Wieczna nagroda należy się ks. S. Burcowi także za jego dokonania. W Rykach zostanie zapamiętany jako budowniczy kaplicy cmentarnej i ogrodzenia wokół kościoła. Ale i w innych parafiach pozostawił niezatarte ślady obecności. W Sosnowicy wzniósł kaplicę, a w Parczewie dom parafialny. Odpoczął dopiero od 2005 r., gdy przeszedł na emeryturę. Lecz nawet wtedy robił, co mógł, aby wesprzeć swych następców i wikarych. Jednocześnie ciągle służył zwykłym ludziom.
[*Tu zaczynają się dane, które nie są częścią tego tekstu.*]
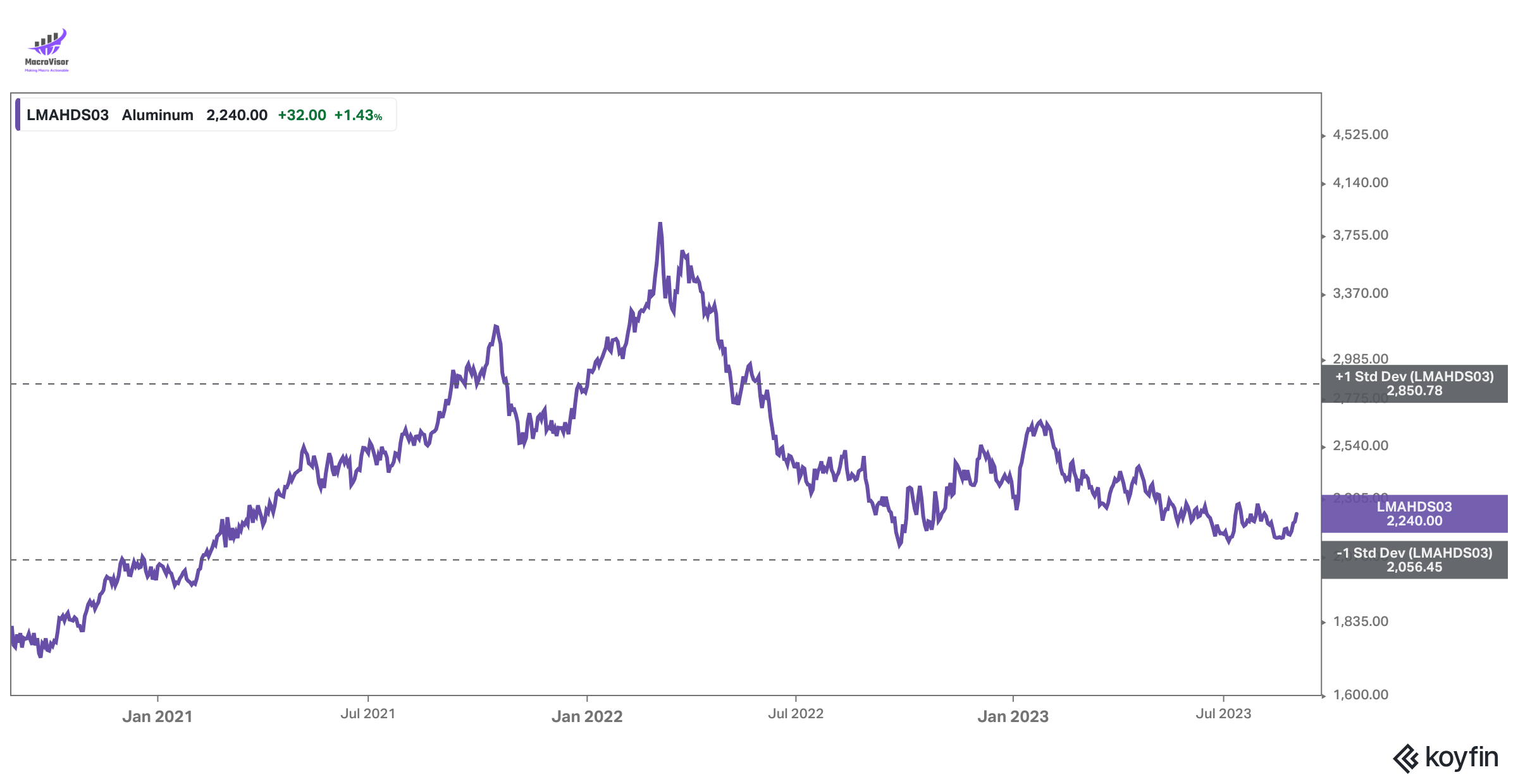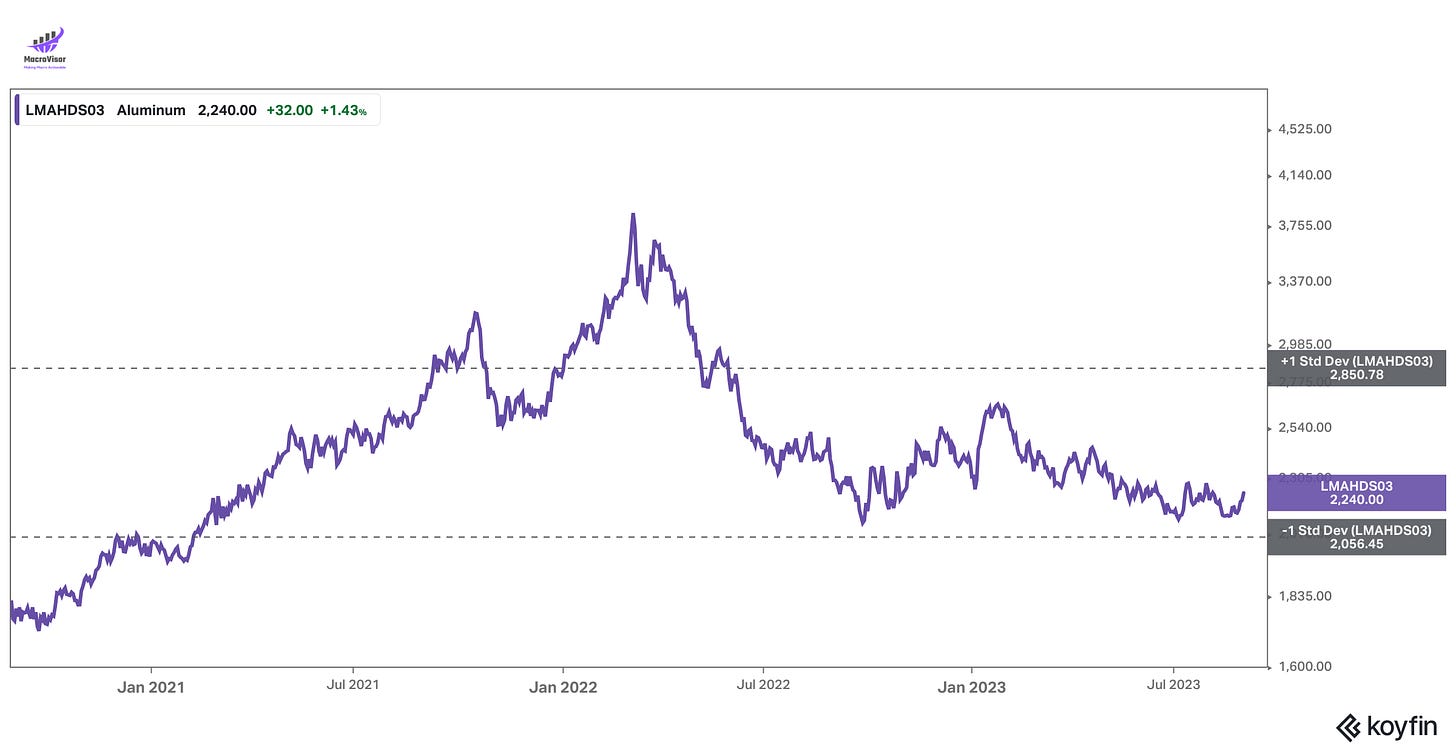 Aluminum prices have been on downtrend since the cycle peak last year with demand levels falling off. The drop in Chinese construction has been a major drag on prices. Add to that a slump in European and US Manufacturing.
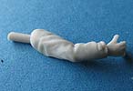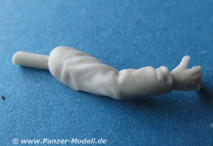 Die Figur ist bereits nahezu komplett in einem Stück gegossen. Lediglich der Kopf und beide Arme müssen vom Modellbauer noch angeklebt werden, sowie eine von zwei Granaten in die Hände geklebt werden.
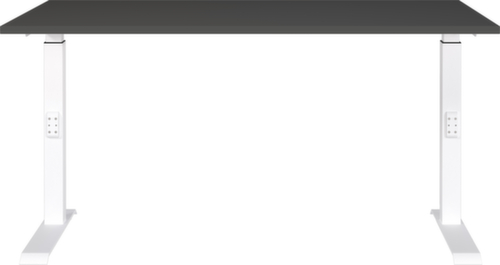 panneau en aggloméré avec revêtement mélaminé, facile d’entretien finition graphite. forme de panneau angulaire. bord Une bande de chant ABS résistant aux chocs protège tous les bords de fissures et d'éclatements inesthétiques. piètement en C en métal avec finition époxy résistante aux chocs et aux rayures en blanc. réglage en hauteur via mécanisme. châssis avec patins en plastique.
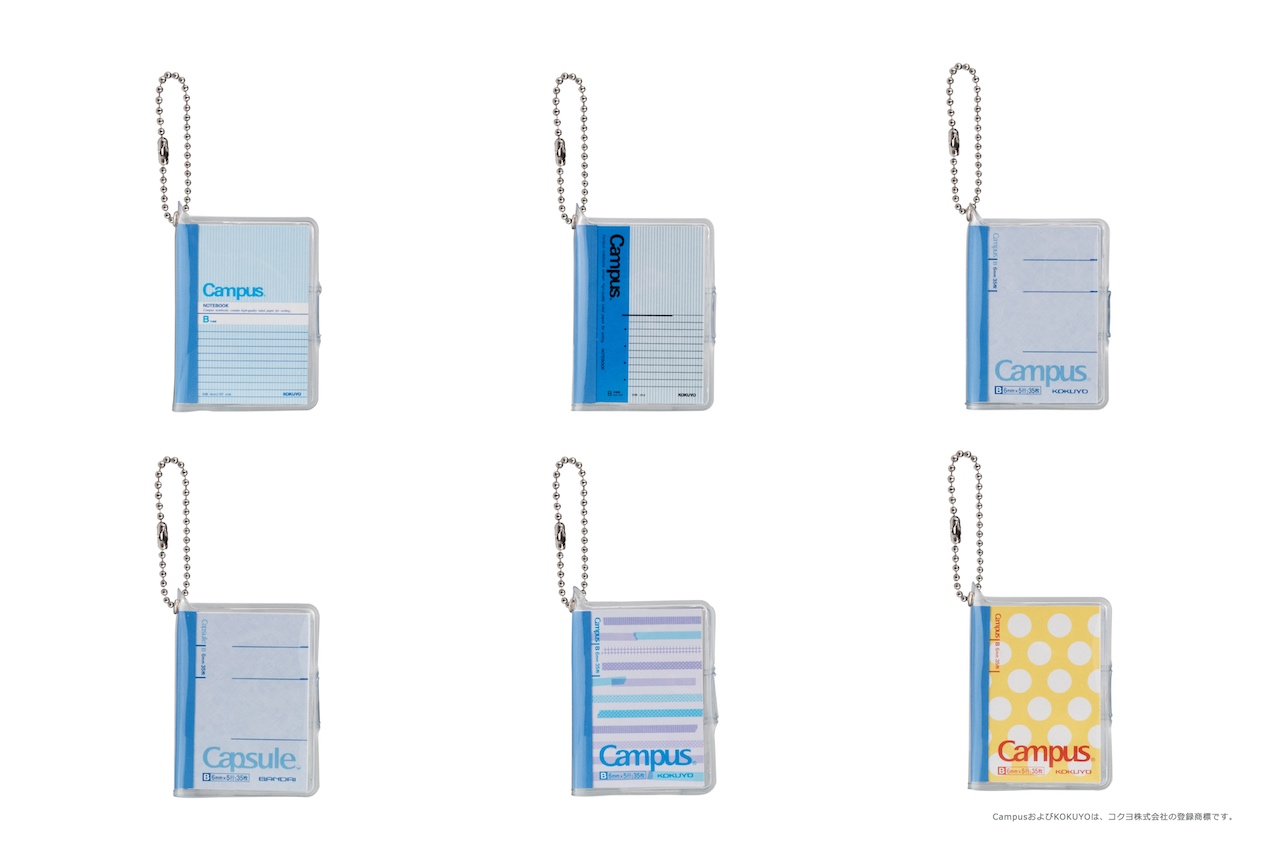 本商品は、コクヨが1975年の発売以来、進化し続ける「キャンパスノート」を全高約5.4cmの手のひらサイズにしたミニチュアチャーム。歴代のキャンパスノートデザインの一部や、「Campus」の文字が「Capsule」になった、ガシャポン®︎オリジナルデザインなどを含めた全6種をラインナップ。
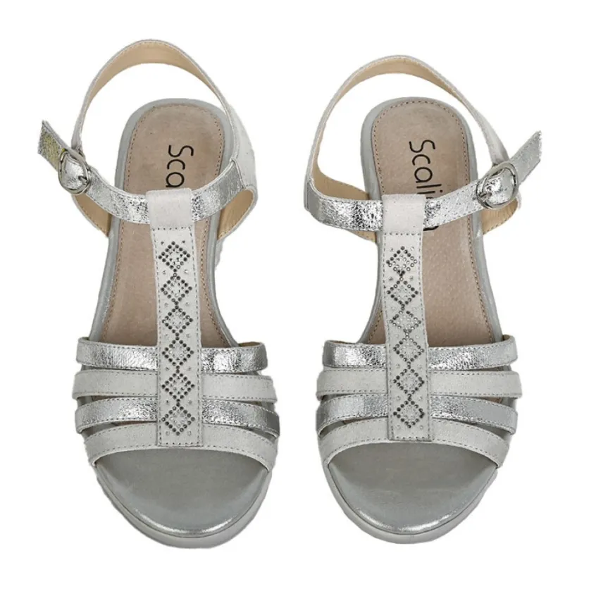 Sandales Compensées Femme Scalina Argenté: Grand Confort, Forme Largesandales Compensées Femme Confort, Bi-Matières, Marque Scalina, Coloris Argente, Dessus En Synthétique, Doublure Synthétique, Semelle Intérieure Cuir, Semelle Élastomère, Talon 5.5 Cm.
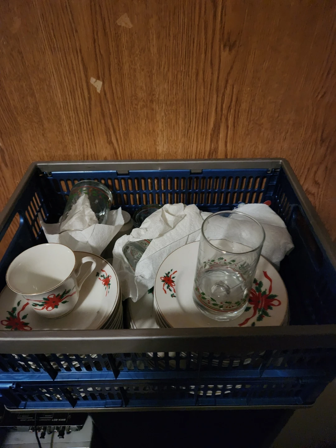 White ceramic dinnerware with a red poinsettia and bow design with gold trim. Includes cups, saucers, and plates. Also includes tumblers with a matching holiday pattern. Great for festive gatherings!
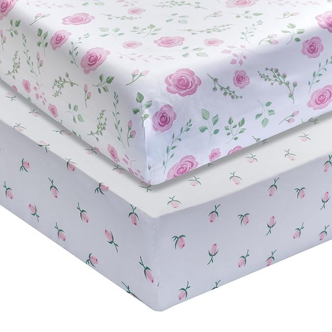 - SOFT, COZY AND COLORFUL – These beautiful fitted crib sheets are perfect for everyday use. With a wide array of colors and patterns available, these soft fabrics are breathable and colorful additions to your little one’s nursery, like these with floral prints in pastel pink! These nursery sheets even come in a convenient pack of 2 at a great value, making this product a must have for your baby registry. Mix and match with fun, printed patterns or soft, muted colors to create a cozy sleeping area
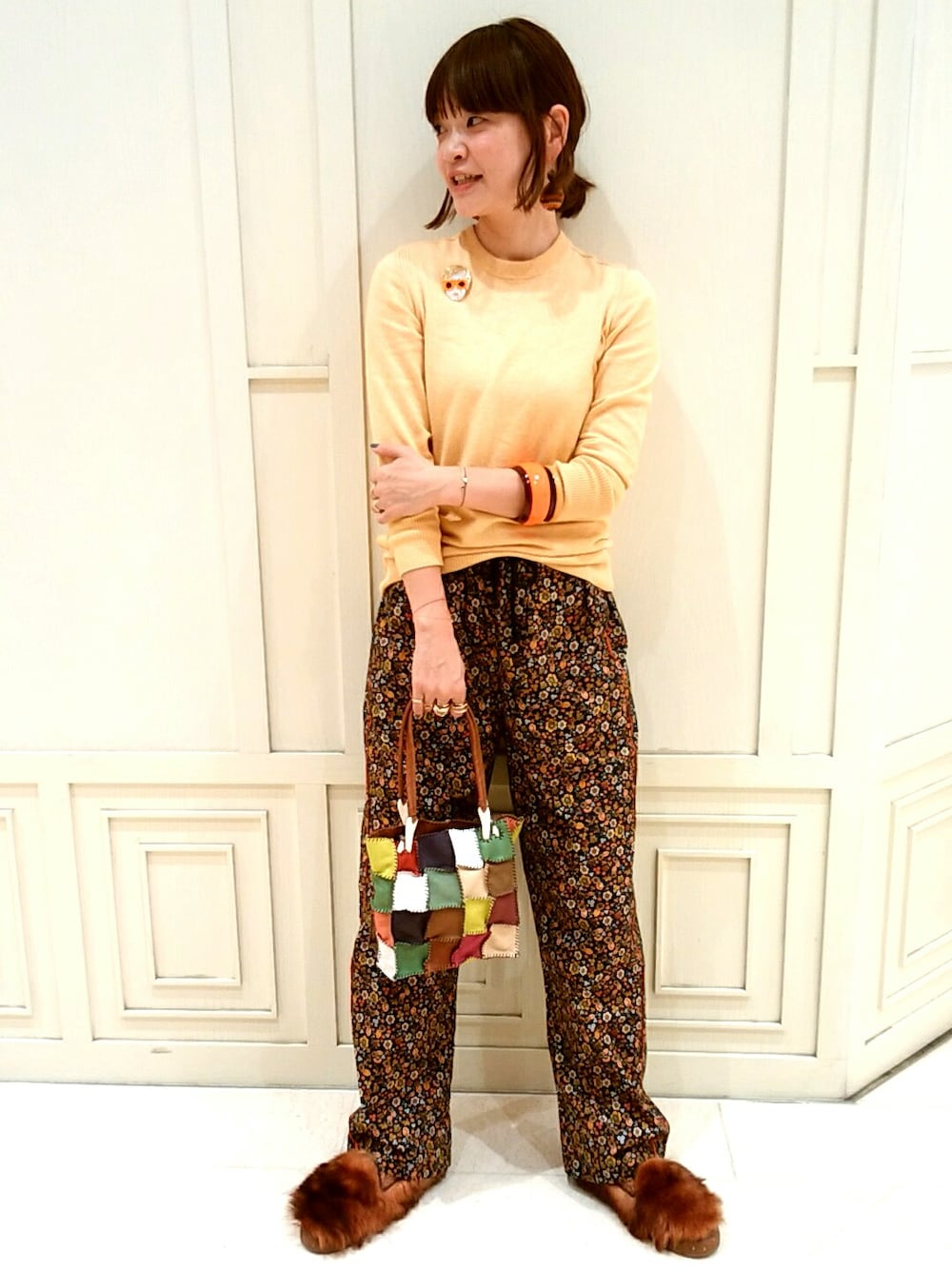 最近黒っぽい色を選びがちだったので、今日こそは違う色を。 選ぶ色で気分も気持ちも変わるものです。 柄のパンツが好きです。
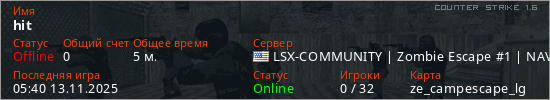 Играет на Counter Strike 1.6 сервере. Страна: СШАПервый раз замечен 05:38 13.11.2025
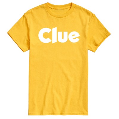 Clue - Clue Logo - Men's Short Sleeve Graphic T-Shirt - Dress to impress—with a little mystery—with Clue graphic apparel, inspired by the classic board game and its unforgettable cast of characters. Featuring bold designs of Miss Scarlet, Colonel Mustard, Professor Plum, and more, each piece brings the suspense, humor, and vintage charm of a good whodunit to your wardrobe. Whether you're a lifelong fan of the game or love a stylish nod to mystery, this collection is perfect for those who appreciate clever clues, dramatic reveals, and timeless intrigue.
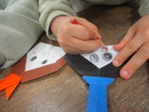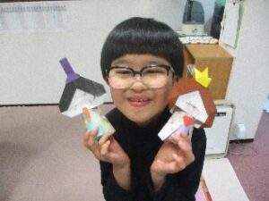 ヤクルトの容器に折り紙を巻いて着物👘お顔を描いて 冠👑や扇子を付けて。

Taka postawa księdza prałata zjednała mu wielu przyjaciół, którzy mówiąc o nim, nie kryli wzruszenia. O mało znanych faktach z życia ks. Stanisława przypomniał ks. kan. Roman Wiszniewski. – Wspierał finansowo kult Męczenników Podlaskich: m.in. powstanie filmu „Pratulin” i wielką rekonstrukcję w Drelowie. Współfinansował stypendia dla kleryków – zauważył ks. Wiszniewski. – Spędzał niezliczone godziny w konfesjonale. Karmił nas Ciałem Pańskim i świadczył o tym, że chrześcijaństwo jest religią radości – mówił parafianin Michał Markiewicz. – A jego serce i dom były zawsze otwarte dla nas wszystkich – dodał w imieniu księży ks. Krzysztof Piórkowski.

 

Honorowy obywatel Ryk

Swojego wieloletniego pasterza na zawsze zapamięta też miasto. – Myślę, że nie ma wśród nas osoby, która nie doświadczyłaby jakiegoś dobra od ks. Stanisława. Traktowaliśmy go jako duchowego ojca i autorytet moralny. Brał też aktywny udział w życiu społecznym. W latach 90 uczestniczył w pracach nad tworzeniem struktur samorządowych. Wspierał prace nad utworzeniem powiatu ryckiego. W dowód tych zasług rada miejska 29 czerwca 2018 r. podjęła uchwałę o nadaniu ks. Stanisławowi tytułu honorowego obywatela miasta Ryki – przypomniał burmistrz Jarosław Żaczek.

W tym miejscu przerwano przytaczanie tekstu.